Comme tout se passe depuis les états-majors des banques, Obama a cru malin de menacer la Russie de sanctions économiques. Du coup, les singes copieurs d’Europe ont fait pareil. On a même entendu des économistes préconiser l’arrêt d’achat de gaz russe, privant ainsi ce pays des seules rentrées considérables qui assurent la fortune de ses dirigeants, mais aussi les choux et la vodka du peuple. Ils avaient tout simplement oublié les conséquences pour les occidentaux : l’arrêt d’une bonne partie de leurs activités grandes consommatrices d’énergie. Au moment des vaches maigres, de l’austérité et des suites d’une crise profonde, on ne peut pas dire que c’était une bonne idée.
A la suite du conflit, il semble que la Crimée, sous influence russe, va déclarer son indépendance. Et alors ? Le « cadeau » de Nikita Khrouchtchev à l’Ukraine serait repris par Poutine soixante ans plus tard, qu’est-ce que cela veut dire, sinon qu’on demande rarement l’avis des gens dans les découpages « stratégiques ». Les Africains en savent quelque chose. Nous aussi en Belgique avec le tracé de cette mirobolante frontière linguistique, unique en son genre, réprimant l’inévitable mouvement des langues parlées, nous sommes servis !
La Russie ne joue pas le jeu, entend-on, voilà qui secoue nos élites.
Hier matin Daniel Cohn-Bendit à la radio n’avait pas de mots assez durs pour stigmatiser l’attitude d’un Mélenchon.
Le leader du Front de Gauche n’est pas convaincu de l’altruisme « des patriotes » de Kiev, du moins de ceux qui les représentent. Que Mélenchon ne soit pas en phase avec la sensibilité de l’Europe pour l’Ukraine, c’est tout à fait compréhensible. Dany, jadis le Rouge, a tranché, Mélenchon est un trotskiste version 1930.

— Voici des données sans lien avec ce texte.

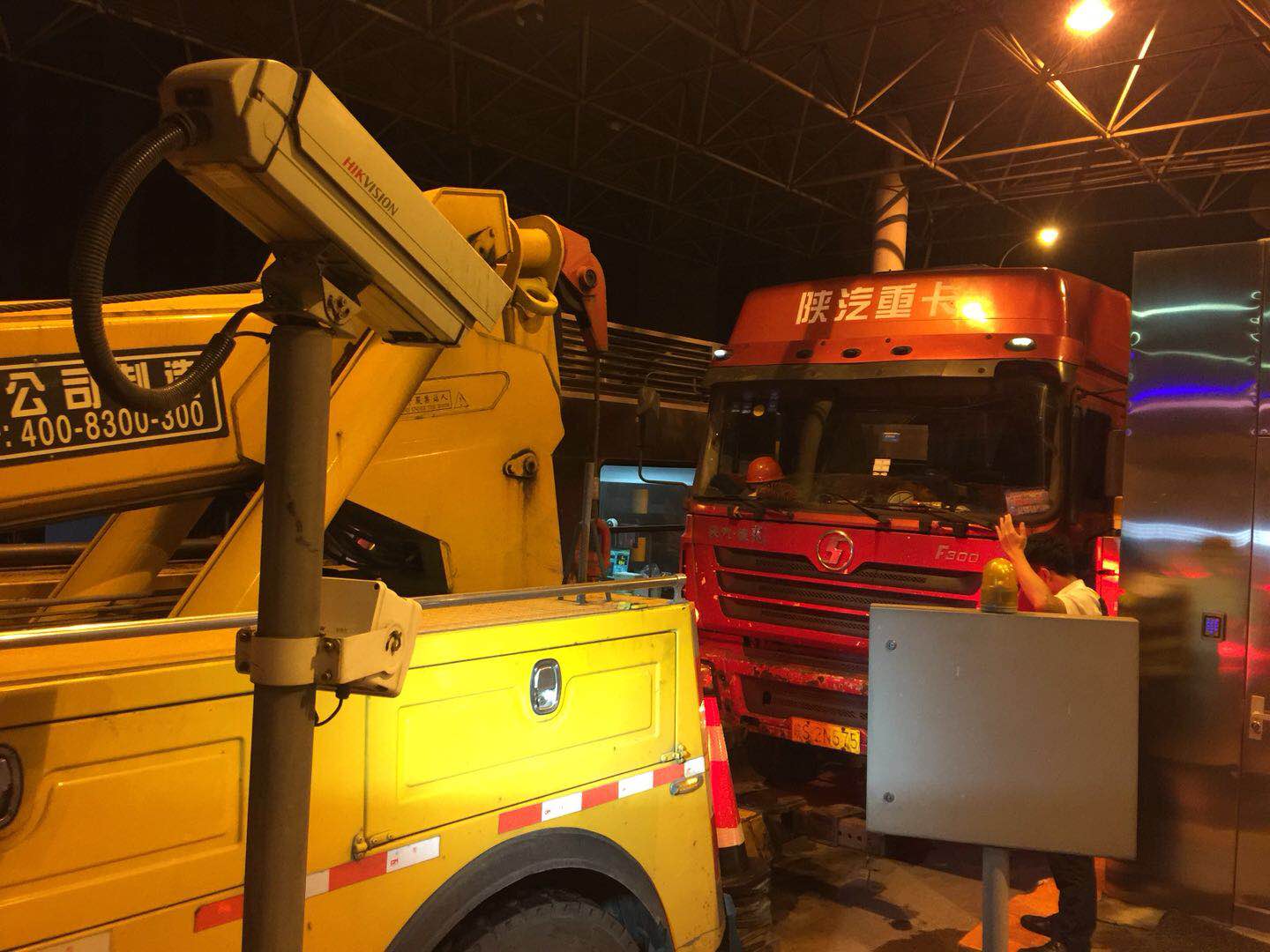 超載有風(fēng)險(xiǎn) 安全記心中 7月15晚21點(diǎn)40分左右,一輛皖S牌照的大貨車,在臺(tái)州收費(fèi)所出口6號(hào)車道繳費(fèi)后欲離開時(shí)發(fā)現(xiàn)車子熄火無(wú)法啟動(dòng),駕駛員數(shù)遍嘗試均不成功。此時(shí)當(dāng)班班長(zhǎng)郭斯泓細(xì)心地發(fā)現(xiàn)車子底下在漏油,駕駛員也確認(rèn)開不了,于是馬上聯(lián)系監(jiān)控中心需要拖車,并臨時(shí)關(guān)閉車道,引導(dǎo)排隊(duì)車輛至其他車道。

Je n’ai pas la prétention de dire lequel des deux a tort. Je ne tire ce que je sais, que de ce que je vois. Or, les temps sont durs dans nos démocraties pour un bon tiers de la population et très moyens pour un autre tiers. Tout le monde sait que depuis qu’il appartient au tiers restant, Daniel Cohn-Bendit ne se reconnaît plus dans le jeune révolté de mai 68.
Quand les Etats-Unis foncent en Irak ou soutiennent un gouvernement corrompu en Afghanistan, c’est pour tôt ou tard se retirer, après avoir « pacifié » le pays et donné à ses dirigeants des notions du bien et du mal. On voit le résultat. On pourrait aussi avoir le même type de raisonnement du côté russe, mais le fait est : la Crimée est à 60 % russophone.
Heureusement, les pays aujourd’hui en viennent rarement à des conflits armés pour des territoires. La guerre des Malouines est, en ce sens, une dernière guerre coloniale.
Kiev serait plus avisé de s’accommoder de ses russophones et de les laisser choisir librement le pays dans lequel ils voudraient être.
Nous devrions plutôt essayer de régler en Belgique une autre liberté, celle de pouvoir s’exprimer dans la langue que l’on veut partout sur ce petit territoire.
Que nous ayons échoué, ne nous autorise pas à vouloir donner des conseils aux autres.